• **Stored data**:
■ ■ ■ ■

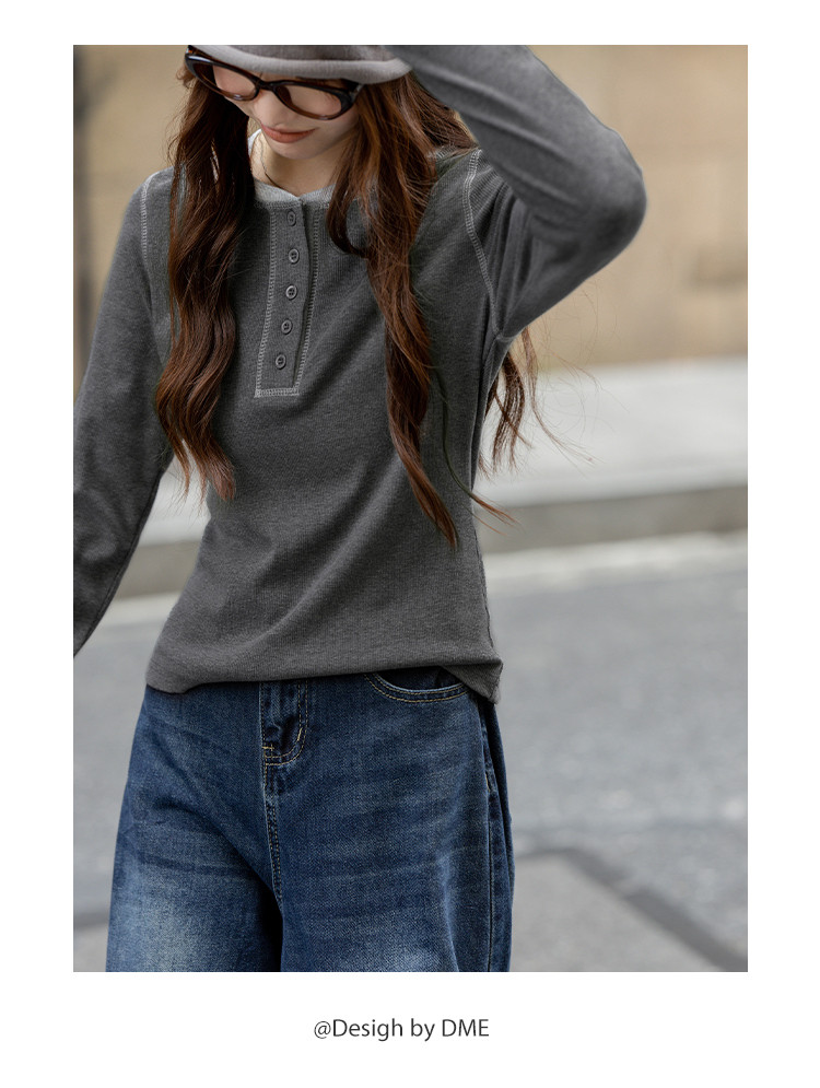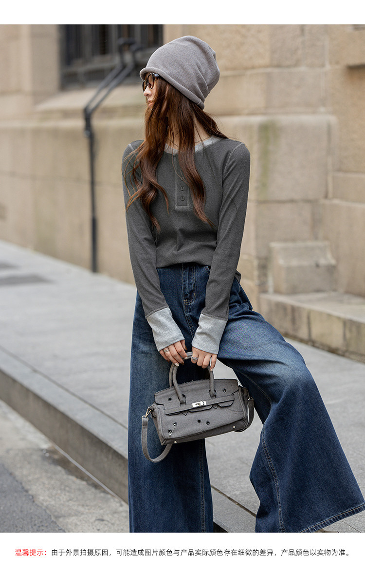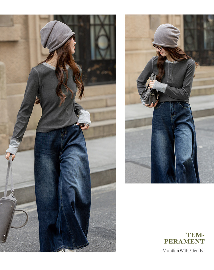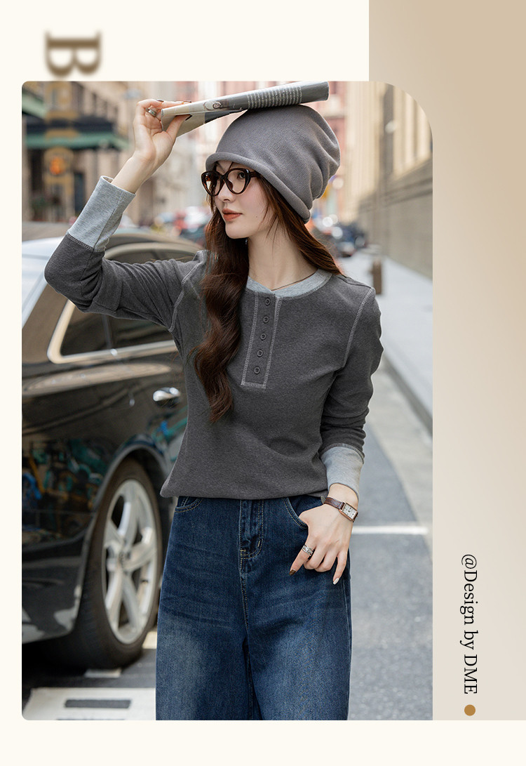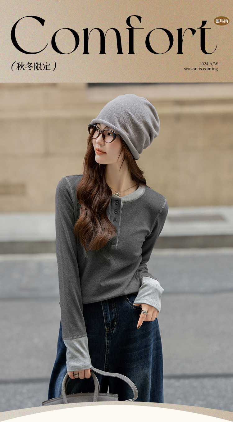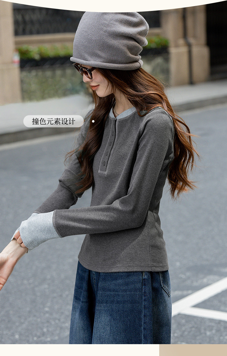 【舒适薄绒】秋冬加绒撞色打底衫女内搭显瘦高级感小个子长袖T恤 620609
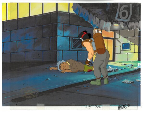 An original Teenage Mutant Ninja Turtle multi-cel production set-up with matching drawing and the MWS Seal. This cel depicts a frame from a scene in a Teenage Mutant Ninja Turtles cartoon episode. This frame features Casey Jones. Is produced by Murakami-Wolf-Swenson Studios, 1987. The background of the cel is a color lithograph and includes a Certificate of Authenticity by Classic Moments. 12.5×10.5
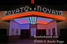 The neon was recently turned on again at the small movie theatre in Novato, California (Marin County). The Novato Theatre is not open presently, but they are trying to maintain the building in hopes of having it open in the future for plays, etc. However, it will take a lot of money to retrofit the building for earthquake safety. 04-06
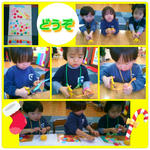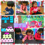 モンテッソーリの日常と同じ教具を用意し、魅力的な活動を行いました。そのあとは、切った紙を画用紙に貼り表現遊びを楽しみました。
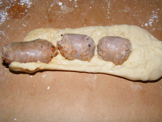 Coloque algunos trozos de carne o salchicha enlaces a lo largo de una capa de masa.
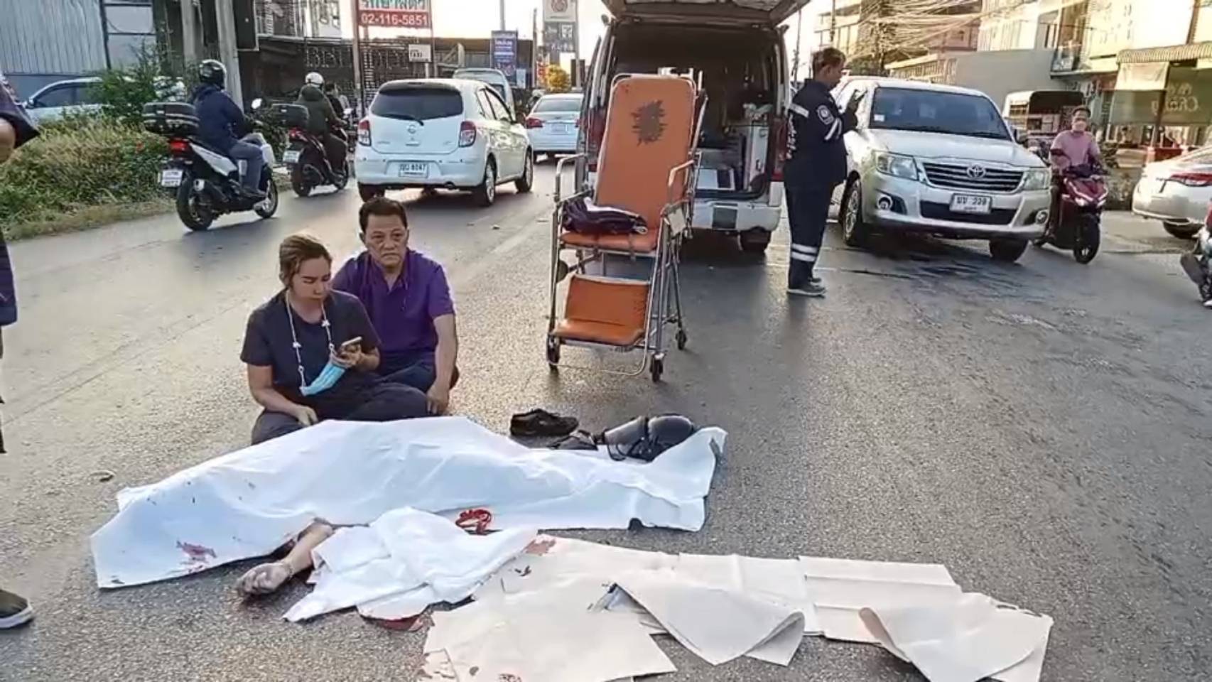 สุดสลด! แม่ร่ำไห้เฝ้าลูกกลางถนน หลังรถมอเตอร์ไซค์ล้ม ร่างหลุดข้ามเลนเจอรถตู้ชน จบชีวิตคาชุดนักเรียน

■ ■ ■ ■

• **What needs to be done**:
Would you copy every entry exactly as it stands, leaving out the pictures?

• **Reply to the task**:
 【舒适薄绒】秋冬加绒撞色打底衫女内搭显瘦高级感小个子长袖T恤 620609
 An original Teenage Mutant Ninja Turtle multi-cel production set-up with matching drawing and the MWS Seal. This cel depicts a frame from a scene in a Teenage Mutant Ninja Turtles cartoon episode. This frame features Casey Jones. Is produced by Murakami-Wolf-Swenson Studios, 1987. The background of the cel is a color lithograph and includes a Certificate of Authenticity by Classic Moments. 12.5×10.5
 The neon was recently turned on again at the small movie theatre in Novato, California (Marin County). The Novato Theatre is not open presently, but they are trying to maintain the building in hopes of having it open in the future for plays, etc. However, it will take a lot of money to retrofit the building for earthquake safety. 04-06
 モンテッソーリの日常と同じ教具を用意し、魅力的な活動を行いました。そのあとは、切った紙を画用紙に貼り表現遊びを楽しみました。
 Coloque algunos trozos de carne o salchicha enlaces a lo largo de una capa de masa.
 สุดสลด! แม่ร่ำไห้เฝ้าลูกกลางถนน หลังรถมอเตอร์ไซค์ล้ม ร่างหลุดข้ามเลนเจอรถตู้ชน จบชีวิตคาชุดนักเรียน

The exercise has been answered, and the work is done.